Appendix (Unstructed Notes)

Concurrency

Concurrency mgmt for spawning go routines, event loops, and routine limits is handled by a stopWaiter construction used across the nitro codebase. The batch poster is primarily operated via three concurrent routines:

main event loop that handles the batch construction, submission, and accrediting all performed within the same function (i.e, maybePostSequencerBatch).
pollForL1PriceData that subscribes to new L1 Block headers and increments metric gauges for price observability.
pollForReverts that subscribes to new L1 block header events. When streaming, the routine proceeds to read the latest range of unprocessed blocks where it manually parses every data poster to see if reverted and log an error msg. If the data poster is configured with a NoopDataBase then the batch poster would halt since the data poster couldn't reliably handle reorgs.

Code Diagram

Types

Building Batch

The batch poster maintains a buildingBatch which contains necessary construction and positional metadata:

type buildingBatch struct {
	segments          *batchSegments
	startMsgCount     arbutil.MessageIndex
	msgCount          arbutil.MessageIndex
	haveUsefulMessage bool
	use4844           bool
	muxBackend        *simulatedMuxBackend
}

segments: internal batch metadata
startMsgCount: message index at which the current batch construction begins
msgCount: The total number of L2 messages that have been created by the sequencer
haveUsefulMessages: Set to true when the batch is full or when a message is processed that isn't a delayed inbox spending report.
use4844: Submit batches to Ethereum beacon chain DA
muxBackend: Used to simulate the message inbox derivation to ensure that the batch being built can be correctly read and processed by the system

Batch Segments

As L2 messages are sequenced into a batch, they're interpreted into raw byte segments.
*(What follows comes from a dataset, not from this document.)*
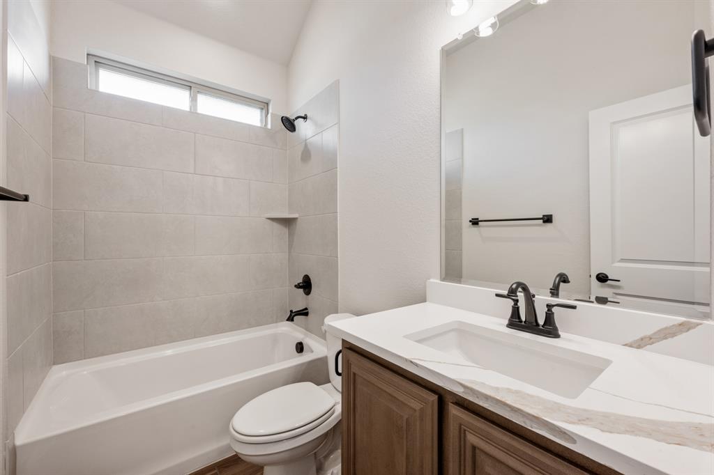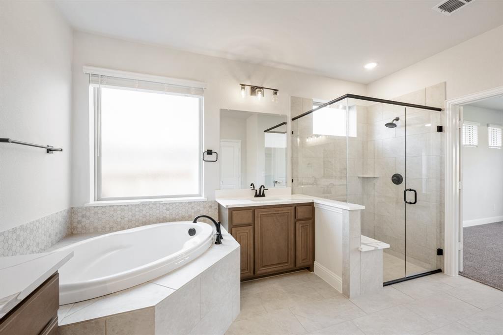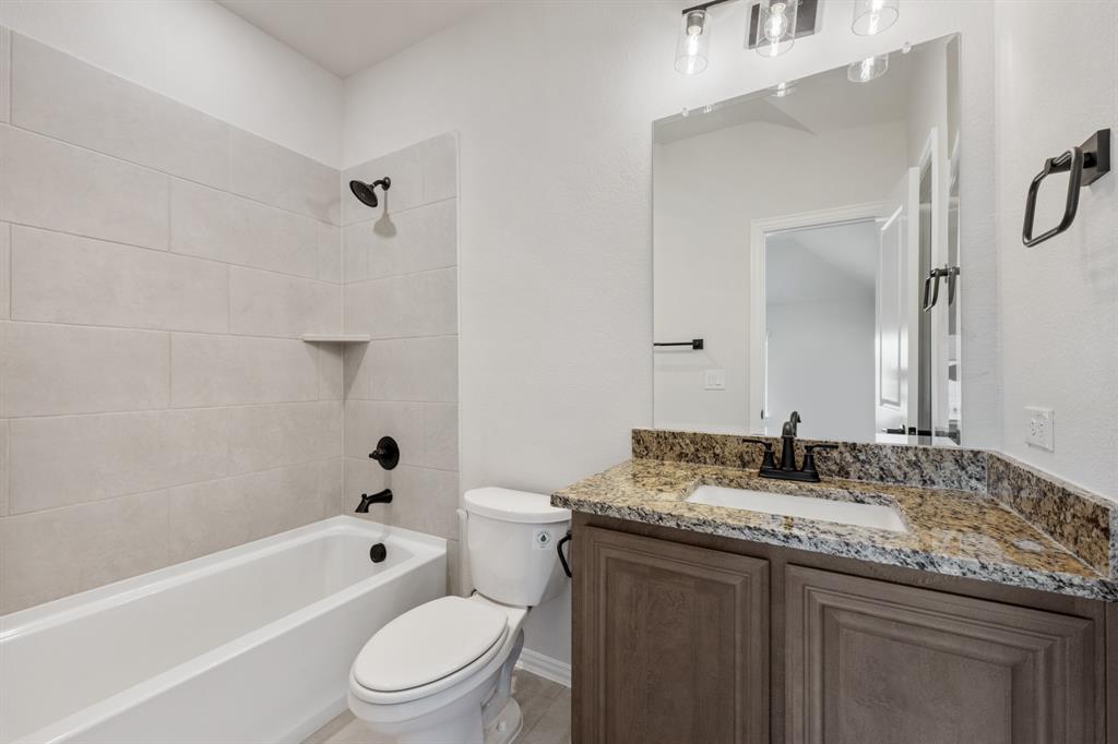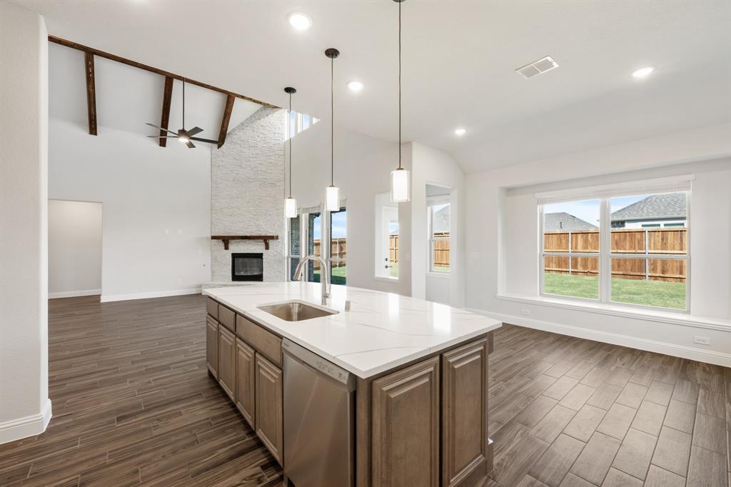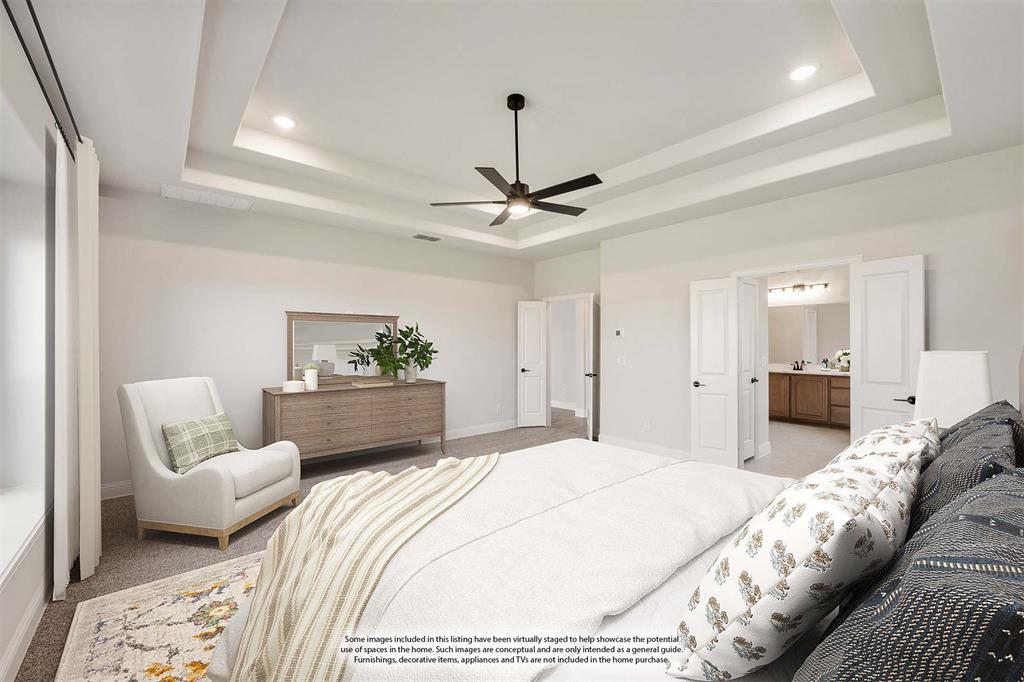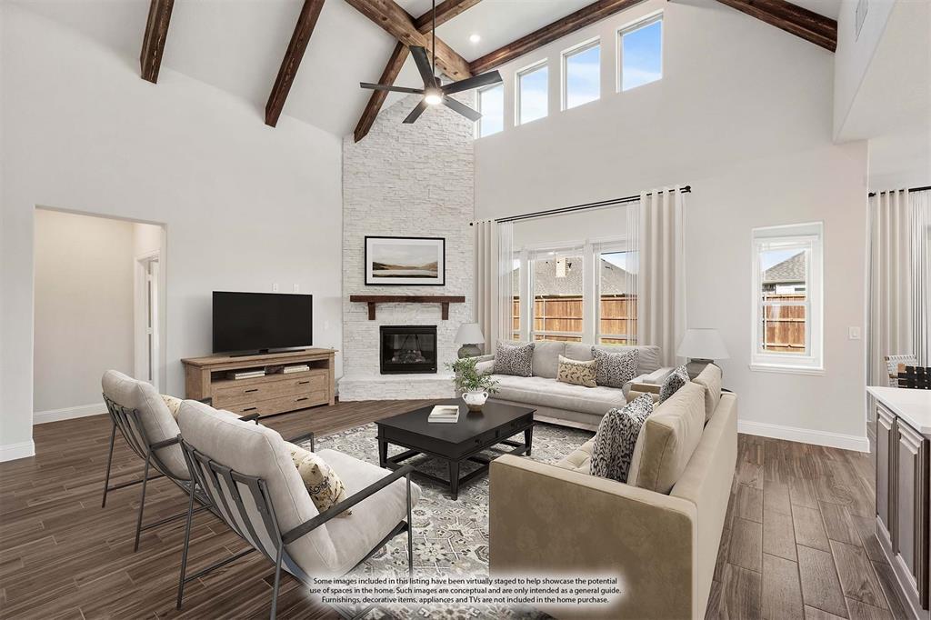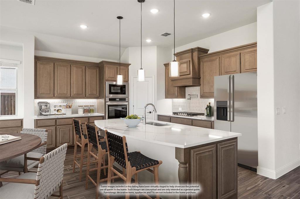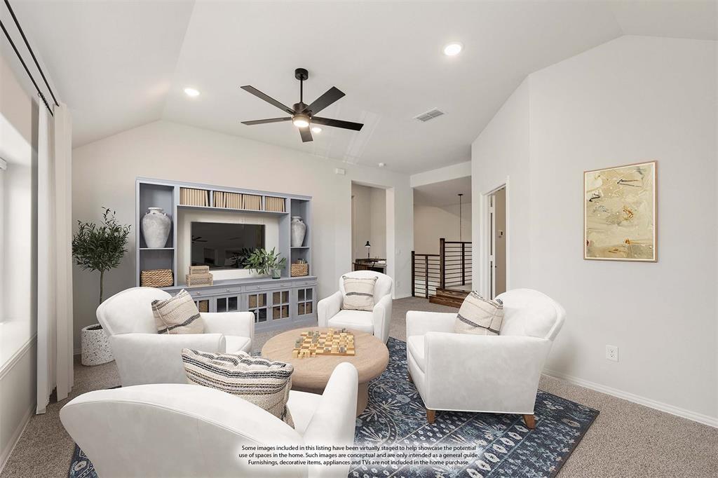 BRAND NEW & NEVER LIVED IN! READY to Move-In NOW! Introducing Bloomfield's Primrose FE VI floor plan, a stunning two-story home with a brick and stone facade and charming cedar garage doors that enhance its elegant curb appeal. This thoughtfully designed layout offers 5 bedrooms and 4.5 baths, with bedrooms thoughtfully positioned on both levels for added flexibility. Step through the custom 8' Front Door into a grand Rotunda Entry, where full oak stairs and stained beams in the Family Room immediately elevate the architectural presence. The Formal Dining area and private Study are perfect for entertaining or working from home, while the spacious Family Room impresses with soaring vaulted ceilings and a dramatic stacked Stone-to-Ceiling Fireplace crowned by a cedar mantel. The Deluxe Kitchen caters to every culinary need, offering Quartz and Granite counters, stainless steel built-in appliances, pot and pan drawers, a custom wood vent hood, and ample cabinetry, all complemented by durable Wood-look Tile flooring that continues throughout the open common areas. Upstairs, a Game Room and Media Room offer flexible living space, while the mud room adds daily convenience with thoughtful storage solutions. A 3-car garage provides generous parking and storage, and outside, a gas stub on the patio is perfect for grilling on weekends. Located on an interior lot in the vibrant Stone River Glen community, residents also enjoy access to unique amenities like a volleyball court and golf club—don’t miss your chance to call this exceptional home yours!

type batchSegments struct {
	compressedBuffer      *bytes.Buffer
	compressedWriter      *brotli.Writer
	rawSegments           [][]byte
	timestamp             uint64
	blockNum              uint64
	delayedMsg            uint64
	sizeLimit             int
	recompressionLevel    int
	newUncompressedSize   int
	totalUncompressedSize int
	lastCompressedSize    int
	trailingHeaders       int // how many trailing segments are headers
	isDone                bool
}

bowen-ll

2024/10/11 06:57:19

Diagram

delayed inbox msg comes from force inclusion?

Ethen Pociask

2024/11/01 16:45:12

yes and no - so in the optimistic case the sequencer runs an event listener against the delayed inbox and processes these messages into the batch directly. In the pessimistic case (i.e, the sequencer is censoring and ignoring the delayed inbox), a user can force include the message from the delayed inbox into the sequencer inbox. This could actually cause the sequencer to reorg since its internal understanding of the inbox sequence state would shift.